Second, managers’ extensive use of verbal media helps to explain why they are reluctant to delegate tasks. It is not as if they can hand a dossier over to subordinates; they must take the time to “dump memory”—to tell subordinates all about the subject. But this could take so long that managers may find it easier to do the task themselves. Thus they are damned by their own information system to a “dilemma of delegation”—to do too much or to delegate to subordinates with inadequate briefing.

Folklore: Management is, or at least is quickly becoming, a science and a profession. By almost any definition of science and profession, this statement is false. Brief observation of any manager will quickly lay to rest the notion that managers practice a science. A science involves the enaction of systematic, analytically determined procedures or programs. If we do not even know what procedures managers use, how can we prescribe them by scientific analysis? And how can we call management a profession if we cannot specify what managers are to learn? For after all, a profession involves “knowledge of some department of learning or science” (Random House Dictionary).10

Fact: The managers’ programs—to schedule time, process information, make decisions, and so on—remain locked deep inside their brains. Thus, to describe these programs, we rely on words like judgment and intuition, seldom stopping to realize that they are merely labels for our ignorance.

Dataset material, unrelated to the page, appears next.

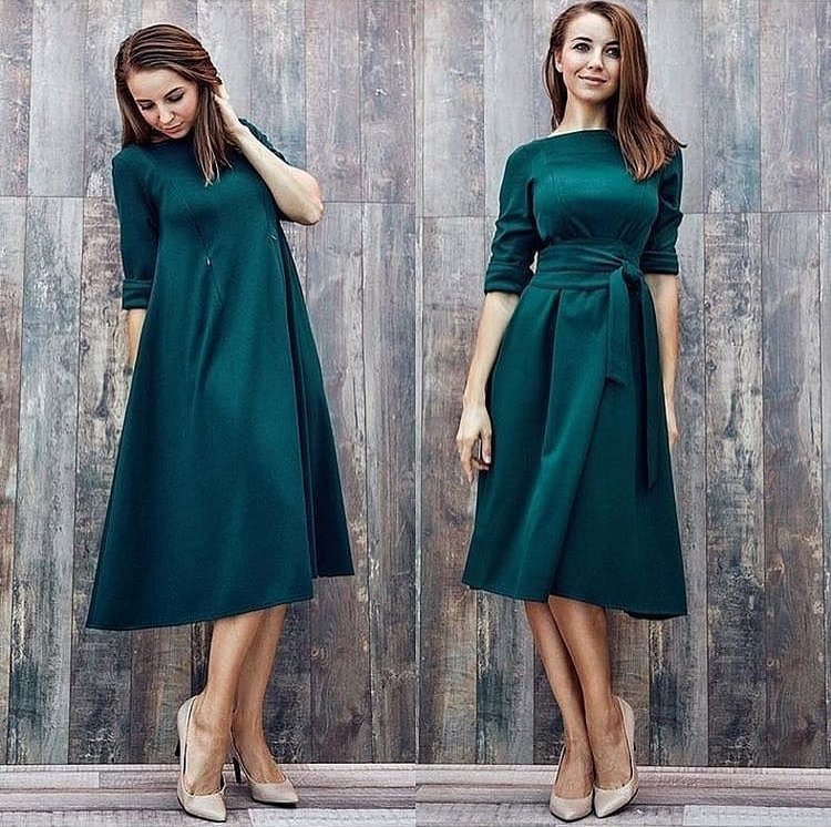 Абсолютной палочкой-выручалочкой на период беременности станут платья. В прохладную погоду, к примеру, спасет платье-свитер в сочетании с плотными колготками. В более теплое время мамочки могут нарядиться в нежные платья-рубашки, легкие и озорные платья-майки и сарафаны. Для игривого образа подойдет трикотажное платье длины миди, оно хорошо тянется и выглядит очень женственно и актуально.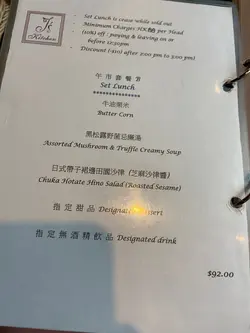 好少要食食下餐廳要打開個app寫食評,因為實在係味道同價格太不成正比。我路過鰂魚涌同男朋友食餐lunch,想搵間坐得舒服既餐廳享受午餐時刻,12點鐘倒路過此餐廳,本來餐廳外menu好奇怪,好似好多餐點都無價錢,不過男朋友想一齊試,所以就入左餐廳。店員幾友善既,帶我地入座。至於餐牌同另一位食評家一樣講法,A-F午餐餐牌,AB都係沙律作主菜,C-F餐都無咩好食,但抱著嘗試既心情,我地叫左一平一貴,一個日式汁豬頸肉飯同埋一個和牛漢堡扒配飯。前菜都還可以,蘑菇湯好多雜菇以及有松露香(食得出係松露油雜菇醬加左落忌廉湯),係唔錯既,亦係唯一一道菜我覺得正常。至於沙律係雜菜沙律,唯一不足之處係落吞拿魚肉(罐頭哥隻),同埋無任何沙律汁,我覺得完全好似食緊貓貓狗狗食糧咁無味。主菜方面就真係極度失望,可一不可再。日式汁豬頸肉飯($96,唔記得影個樣,但係性價比極低)日式豬頸肉非常遜色,以我口頭試既味道就係,廚師先將豬頸肉先白灼,然後將類似普通李錦記燒汁之類既汁倒落去炒一炒豬頸肉同雜菇,再配一碗日本米飯,仲要唔熱,係咁多。味道同賣相完全係只值普通$40午餐水準。和牛漢堡扒配飯($148)最嬲就係哩道主菜,和牛漢堡排我非常懷疑係低品質和牛肉,因為好難壓成扒之後煎到無曬肉質乾曾曾,仲要無額外汁提供,一直好似食緊擦膠,我甚至去到後來係太乾咬唔爛吐番出黎。至於放和牛扒對上既洋蔥同碎雞髀菇,雞髀菇無咩特別但唔夠調味,但係洋蔥仲係生既同埋切絲唔夠透切,界開左一條條但仲係連住做一大舊洋蔥。至於同碟既餃子味道就正常,煎得幾脆,睇下幾牛油粟米都正常。唯獨就係和牛漢堡排最失望。由於主菜太差,對甜品完全無期望。結果甜品一望我以為係雪糕糯米糍,結果係超級普通裡面係士多啤梨醬棉花糖。飲料,無特別。完全唔會再中伏入去食,亦都明白番點解間間餐廳排長龍,哩間一半滿都無。查看更多

I was struck during my study by the fact that the executives I was observing—all very competent—are fundamentally indistinguishable from their counterparts of a hundred years ago (or a thousand years ago). The information they need differs, but they seek it in the same way—by word of mouth. Their decisions concern modern technology, but the procedures they use to make those decisions are the same as the procedures used by nineteenth century managers. Even the computer, so important for the specialized work of the organization, has apparently had no influence on the work procedures of general managers. In fact, the manager is in a kind of loop, with increasingly heavy work pressures but no aid forthcoming from management science.

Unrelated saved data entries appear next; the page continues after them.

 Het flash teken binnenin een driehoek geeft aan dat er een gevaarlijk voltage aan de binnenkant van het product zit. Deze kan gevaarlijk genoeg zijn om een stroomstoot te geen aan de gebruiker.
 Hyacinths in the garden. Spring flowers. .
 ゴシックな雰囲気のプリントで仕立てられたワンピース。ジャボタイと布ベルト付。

Considering the facts about managerial work, we can see that the manager’s job is enormously complicated and difficult. Managers are overburdened with obligations yet cannot easily delegate their tasks. As a result, they are driven to overwork and forced to do many tasks superficially. Brevity, fragmentation, and verbal communication characterize their work. Yet these are the very characteristics of managerial work that have impeded scientific attempts to improve it. As a result, management scientists have concentrated on the specialized functions of the organization, where it is easier to analyze the procedures and quantify the relevant information.11

But the pressures of a manager’s job are becoming worse. Where before managers needed to respond only to owners and directors, now they find that subordinates with democratic norms continually reduce their freedom to issue unexplained orders, and a growing number of outside influences (consumer groups, government agencies, and so on) demand attention. Managers have had nowhere to turn for help. The first step in providing such help is to find out what the manager’s job really is.

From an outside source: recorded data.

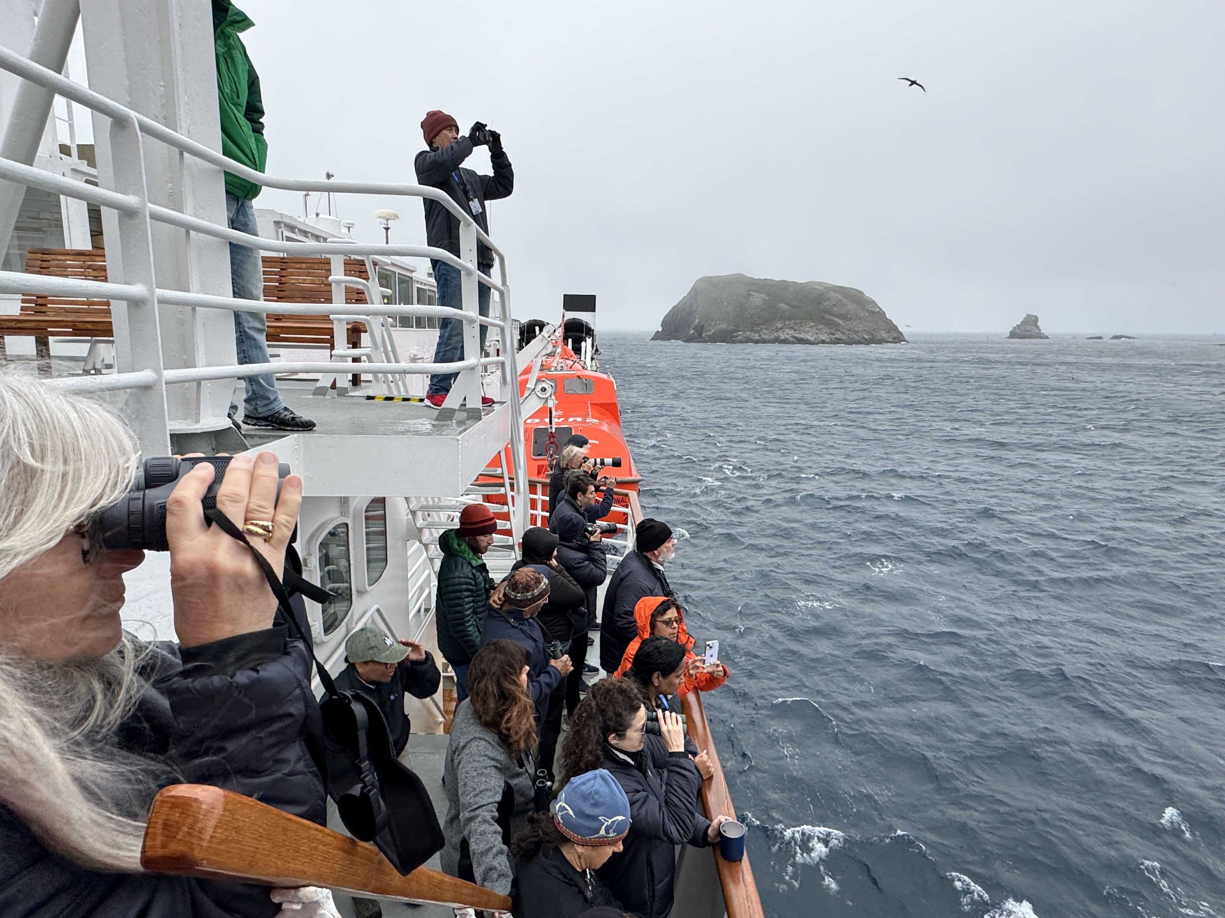 This morning, we had a later start than usual after a late night enjoying the crew show. Our galley team gifted us with a fulfilling brunch. We then had a brilliant forum about climate change with the participation of our panel of experts onboard. Afterward, our expedition leader called us to the bow to see Cape Horn, which was only a few miles ahead. The good weather allowed us to have a smooth and fast crossing, allowing extra time to swing by Cape Horn, the most southern tip of the Americas. Over the PA system, Steven provided a very interesting description of the historical importance of this area, then Pablo read a beautiful poem, a memorial to the seaman lost at sea. We could see the monument in the distance, two metal sheets that depict an albatross in flight. During the afternoon, we enjoyed Madalena’s presentation about Women in Antarctica. This was an incredible voyage through the struggles and delays of allowing women to participate in science and logistics in Antarctica. We entered the Beagle Channel around 17:00 and we encountered black-browed albatrosses, cormorants, dolphins, and whales. On our final approach to the beautiful city of Ushuaia, we passed by Les Eclaireurs Lighthouse and some of the seals that live in the Bridges Islands Archipelago.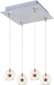 ET2 Lighting E94772-25 Starburst - Four Light RapidJack Pendant, Satin Nickel Finish with Clear/Amber Glass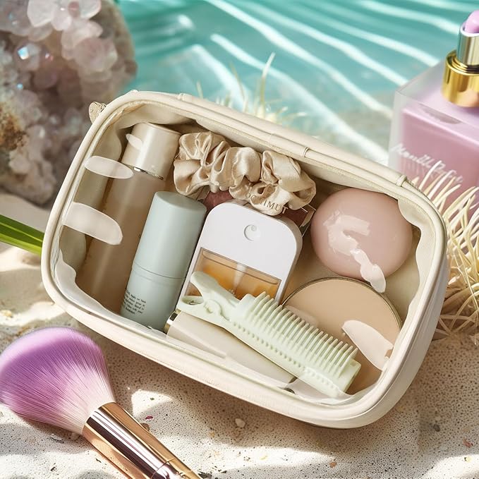 - PREMIUM QUALITY:This elegant clear makeup bag is crafted from high-quality PU leather with durability.The natural texture not only feels luxurious but also adds a touch of sophistication to your travel ensemble.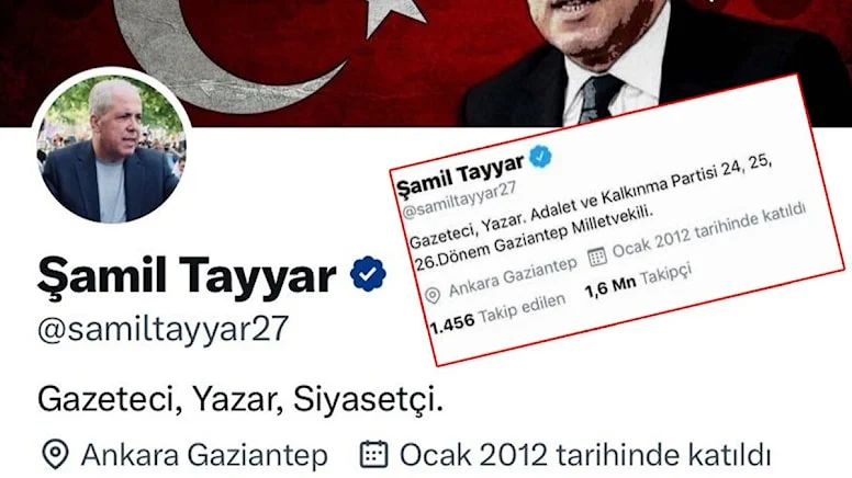 AKP MKYK listesinde üstü çizilen eski Gaziantep milletvekili ve AKP MKYK Üyesi Şamil Tayyar, sosyal medya profilindeki bioda yer alan, “Gazeteci, Yazar, Adalet ve Kalkınma Partisi 24, 25, 26. Dönem Gaziantep milletvekili” bilgisini kaldırarak, “Gazeteci, Yazar, Siyasetçi” bilgisini koydu.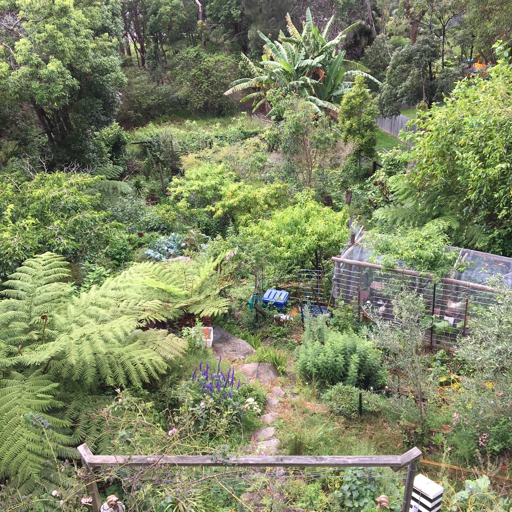 We have 1200 sq m permaculture garden with and a sustainable house. We have chooks, worm farms, composting, native bees, native bush tucker and medicine plants, edible fruit, vegetable and medicinal plants, water features, citrus grove, raised and no-dig garden beds, herb spiral, aquaponics, a green wall, rain water tanks, gravity fed watering.

Back to a Basic Description of Managerial Work

Earlier, I defined the manager as that person in charge of an organization or subunit. Besides CEOs, this definition would include vice presidents, bishops, foremen, hockey coaches, and prime ministers. All these “managers” are vested with formal authority over an organizational unit. From formal authority comes status, which leads to various interpersonal relations, and from these comes access to information. Information, in turn, enables the manager to make decisions and strategies for the unit.

The manager’s job can be described in terms of various “roles,” or organized sets of behaviors identified with a position. My description, shown in “The Manager’s Roles,” comprises ten roles. As we shall see, formal authority gives rise to the three interpersonal roles, which in turn give rise to the three informational roles; these two sets of roles enable the manager to play the four decisional roles.

The Manager’s Roles

Interpersonal Roles

Three of the manager’s roles arise directly from formal authority and involve basic interpersonal relationships. First is the figurehead role. As the head of an organizational unit, every manager must perform some ceremonial duties. The president greets the touring dignitaries. The foreman attends the wedding of a lathe operator. The sales manager takes an important customer to lunch.

The chief executives of my study spent 12% of their contact time on ceremonial duties; 17% of their incoming mail dealt with acknowledgments and requests related to their status. For example, a letter to a company president requested free merchandise for a crippled schoolchild; diplomas that needed to be signed were put on the desk of the school superintendent.

Duties that involve interpersonal roles may sometimes be routine, involving little serious communication and no important decision making. Nevertheless, they are important to the smooth functioning of an organization and cannot be ignored.

Managers are responsible for the work of the people of their unit. Their actions in this regard constitute the leader role. Some of these actions involve leadership directly—for example, in most organizations the managers are normally responsible for hiring and training their own staff.

In addition, there is the indirect exercise of the leader role. For example, every manager must motivate and encourage employees, somehow reconciling their individual needs with the goals of the organization. In virtually every contact with the manager, subordinates seeking leadership clues ask: “Does she approve?” “How would she like the report to turn out?” “Is she more interested in market share than high profits?”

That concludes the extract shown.